Scientists studying immune response to new South African Covid variant

·2-min read

Scientists in South Africa have detected a new coronavirus variant with multiple mutations, but they have yet to establish whether it is more contagious or if it can overcome immunity provided by vaccines or prior infection.

The new variant, known as C.1.2, was first detected in May and caught scientists' attention because it mutates almost twice as fast other variants.

Researchers, in a preprint study that has yet to be peer reviewed, say it evolved from one of the lineages that dominated the first Covid wave in South Africa, last detected in January 2021.

C.1.2 has mutations associated in other variants with increased transmissibility, as well as a reduced sensitivity to Covid antibodies.

But it is not yet clear on how the mutations affect the behaviour of the virus, and laboratory tests are underway.

Richard Lessells, one of the study's authors, said C.1.2 may have more immune evasion properties than Delta, the predominant variant in the world currently, and that the findings had been flagged to the World Health Organisation.

Cases as far away as New Zealand

The variant shows that "this pandemic is far from over and that this virus is still exploring ways to potentially get better at infecting us", he said, adding that the research should not be alarming at this stage, as variants with more mutations are bound to emerge as the pandemic progresses.

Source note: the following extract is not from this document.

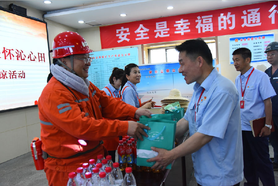 活动中,矿党委书记、矿长徐兴奎亲临现场,为职工送去清凉物资,讲解夏季防暑降温的措施和方法,叮嘱他们时刻注意个人防护,并要求相关部门做好防暑降温工作,确保职工身体健康,为企业安全生产保驾护航。

South Africa's National Institute for Communicable Diseases issued an alert Monday, saying the variant had been detected in all nine of the country's provinces, but at a relatively low rate, though it is rising.

C.1.2 was detected in three percent of samples in July, up from 0.2 percent when it was first detected in May.

It is is still not frequent enough to qualify as a "variant of interest" or a "variant of concern", though it has travelled, with researchers pointing to cases detected in China, Mauritius, New Zealand and Britain.